▶ _Data excerpt_:
*** Begin section ***

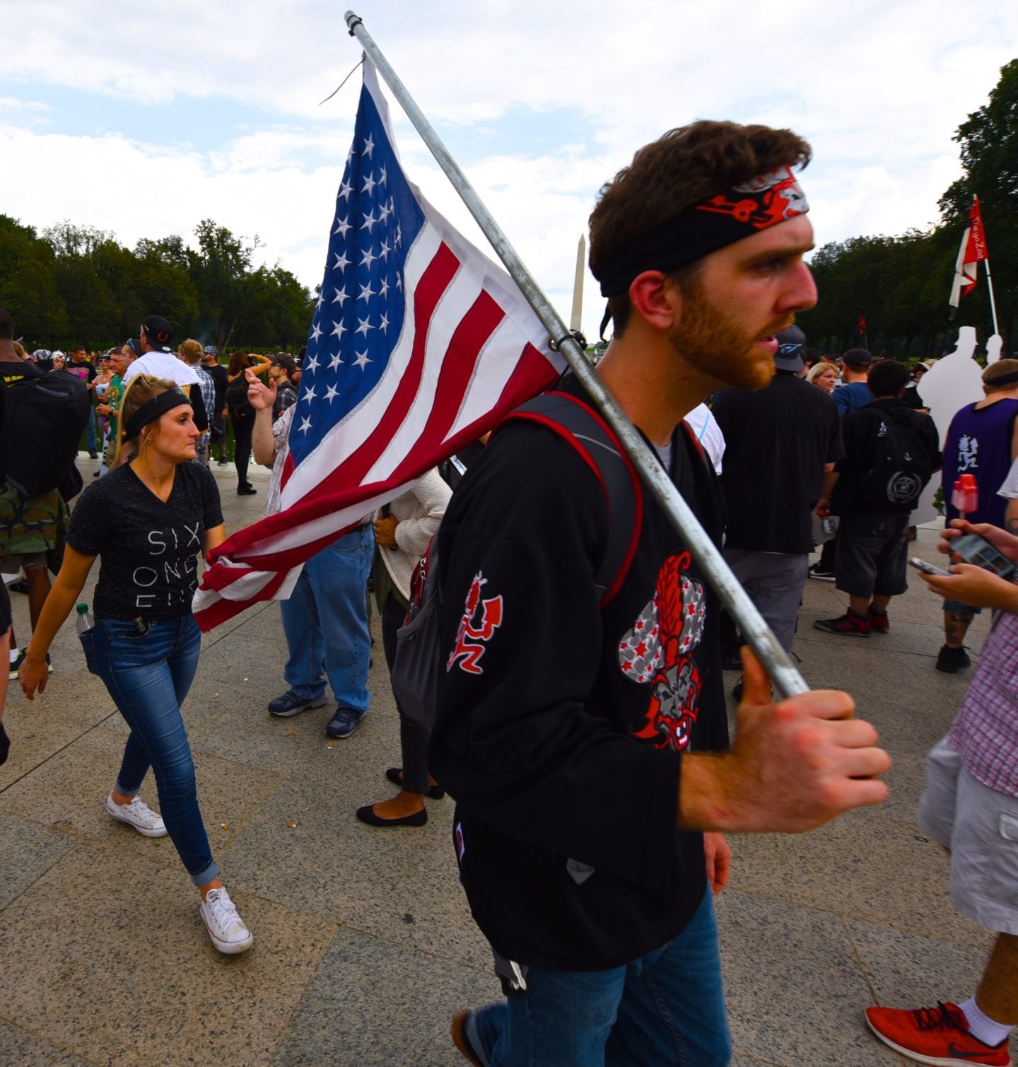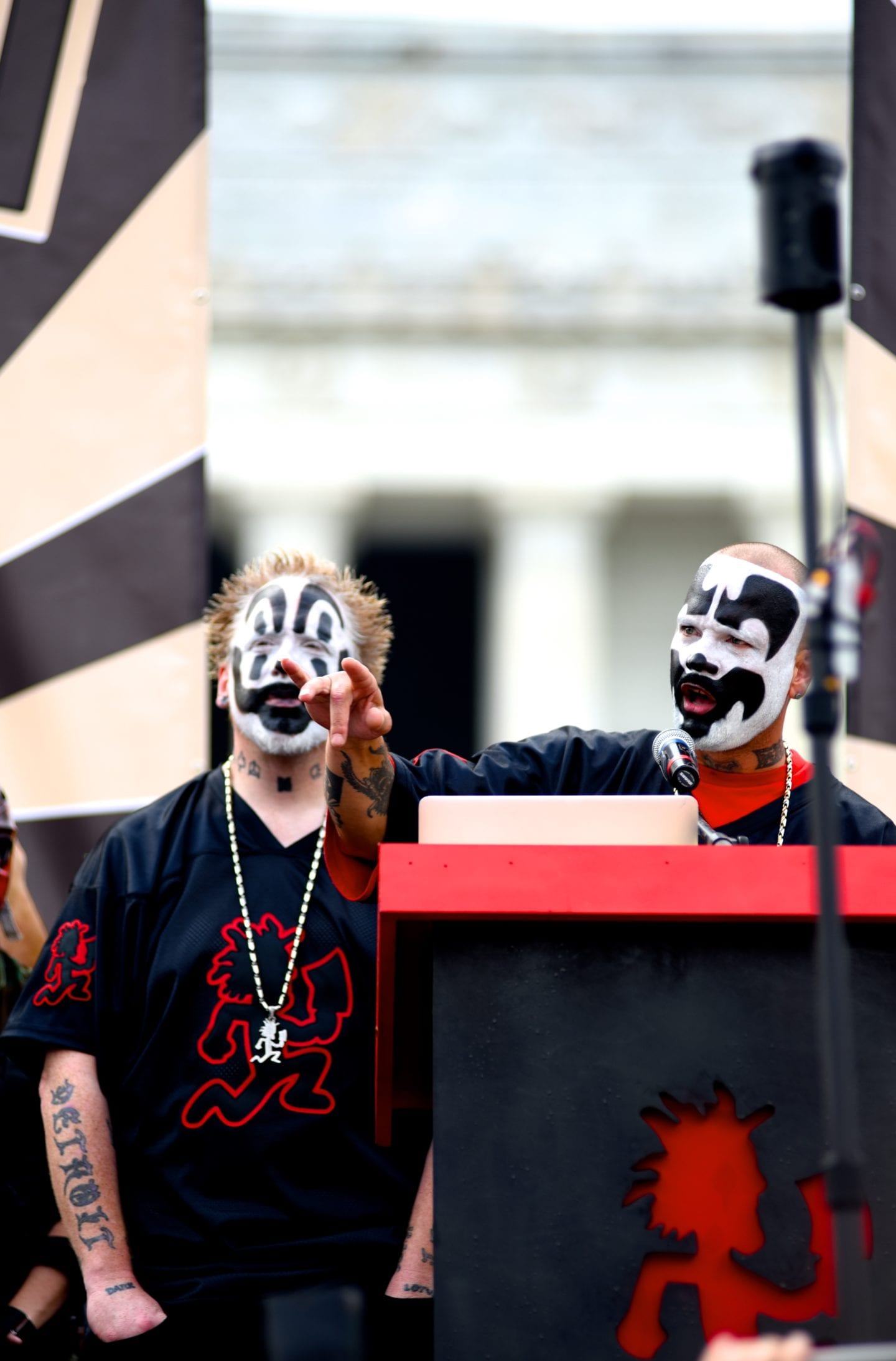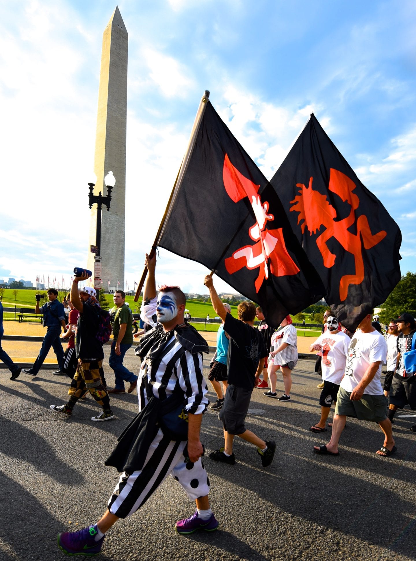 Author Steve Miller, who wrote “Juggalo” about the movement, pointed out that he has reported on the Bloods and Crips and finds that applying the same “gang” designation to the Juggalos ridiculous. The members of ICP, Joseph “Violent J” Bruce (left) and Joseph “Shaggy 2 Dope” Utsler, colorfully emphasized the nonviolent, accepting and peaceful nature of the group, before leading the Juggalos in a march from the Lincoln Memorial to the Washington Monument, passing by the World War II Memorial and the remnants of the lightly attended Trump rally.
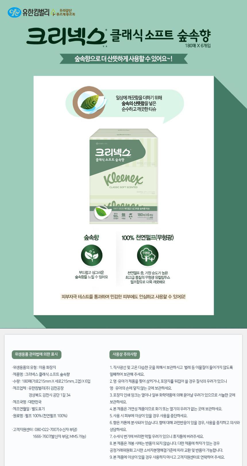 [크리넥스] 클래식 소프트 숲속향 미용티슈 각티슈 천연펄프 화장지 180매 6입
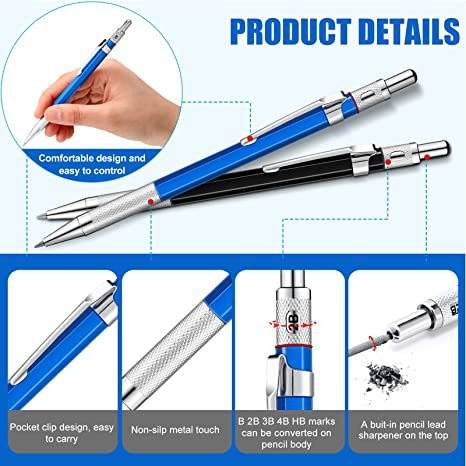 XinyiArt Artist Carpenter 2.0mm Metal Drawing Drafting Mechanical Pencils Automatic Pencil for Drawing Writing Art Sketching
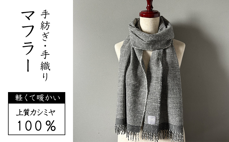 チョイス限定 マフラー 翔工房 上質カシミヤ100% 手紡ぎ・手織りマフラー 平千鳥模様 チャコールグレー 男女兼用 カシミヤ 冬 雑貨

*** End section ***

▶ _Assignment_:
Retype verbatim only the lines beginning with the line that contains "XinyiArt Artist Carpenter" and ending with the last line of the listing above; pictures are to be excluded.

▶ _Finished exercise_:
 XinyiArt Artist Carpenter 2.0mm Metal Drawing Drafting Mechanical Pencils Automatic Pencil for Drawing Writing Art Sketching
 チョイス限定 マフラー 翔工房 上質カシミヤ100% 手紡ぎ・手織りマフラー 平千鳥模様 チャコールグレー 男女兼用 カシミヤ 冬 雑貨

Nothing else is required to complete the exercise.